Rhett Butler es un hombre que se casó con la mujer equivocada. Se enamoró de un carácter de fuego calculado con los ojos felinos, de una niña bien que aparentaba caricias de tul en los modales y escondía la dureza de un diamante. No la fuerza, que viene a ser el magma de la tranquilidad, sino la dureza: Scarlett O’Hara era, incluso de muchacha, una mujer voluble y caprichosa que se volvía soberbia o desquiciada cuando se le llevaba la contraria. El drama de Rhett Butler no es la Guerra Civil Americana, en la que multiplicó su riqueza con el contrabando marítimo para las fortunas sureñas que se mantenían en pie, a pesar del bloqueo, ni tampoco un pasado que nos parece turbio, sino enamorarse de la mujer equivocada. Ahora bien: quién no iba a enamorarse de Vivien Leigh/Scarlett, Escarlata de toda la vida en español, con esos ojos verdes que asomaban océanos y un temperamento superior al de la mayoría de los hombres. Cómo no enamorarse de esa mujer en el fondo no fina, aunque lo quisiera aparentar, sino más bien bruta en sus reacciones, pero con un perfil angelical, criada entre los sueños de un mundo perdido, pero capaz de escarbar en la tierra roja de Tara para sacar un nabo, morderlo en mitad de un crepúsculo cobrizo y gritar: «A Dios pongo por testigo que jamás volveré a pasar hambre». Sin embargo, también se equivocó: empezó casándose con un niño, Charles Hamilton -el hermano de Melita- y luego repitió con un viejo, el patilludo Frank Kennedy, para hacerse la dueña del aserradero. Mandar, en definitiva, y seguir siendo objeto de una adoración. El problema vino cuando tuvo que vérselas con un hombre de frente, que antes o después iba a plantarse y mandarla a paseo. Ese hombre es Rhett Butler, su tercer marido, que la ha amado a lo largo de sus dos matrimonios como solo puede hacerlo quien antes y después ha tenido a todas las mujeres que ha querido. Cuando se puede tanto, con tan amplio horizonte, y se quiere así, pensando más en ella que en sí mismo, en sus prioridades y deseos, teniendo un harén al doblar la esquina, es que ese amor es cierto. Por eso cuando se marcha y la abandona su cansancio es ya definitivo. Todavía no es tarde para él, pero el drama de Rhett ha sido su empeño en equivocarse.

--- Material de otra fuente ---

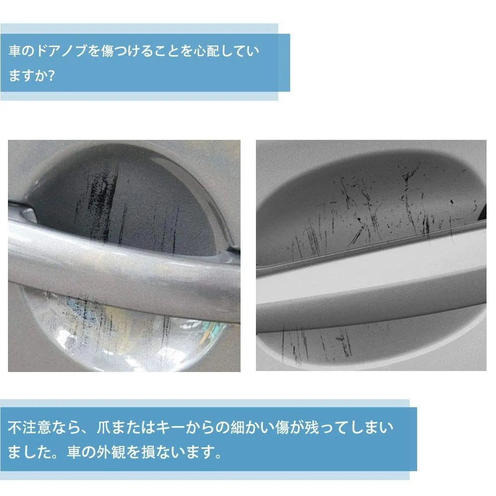 【ドアノブ傷防止】保護フィルムは爪などの細かい傷からボディを守れます。透明性に優れ、車の外観を損なうことがないです。

Esto es Lo que el viento se llevó, en la que los negros son paisaje. Esta misma historia podría haberse ubicado antes de la caída de Constantinopla, teniendo como personaje principal a una concubina que marea al hombre que la quiere, que además es apuesto y tiene un reino propio al que volver. El aire fin de época es fundamental: porque muere un amor mientras se acaba el mundo. Sin embargo, el relato se ubica antes, durante y tras la Guerra de Secesión porque Margaret Mitchell escribió su novela en Atlanta, convaleciente de un accidente de coche, entre 1926 y 1936, todavía con la sombra alargada de la guerra, con sus viejas historias y sus lentos fantasmas. No es una novela sobre la esclavitud, sino sobre un amor con las cargas de entrega muy descompensadas.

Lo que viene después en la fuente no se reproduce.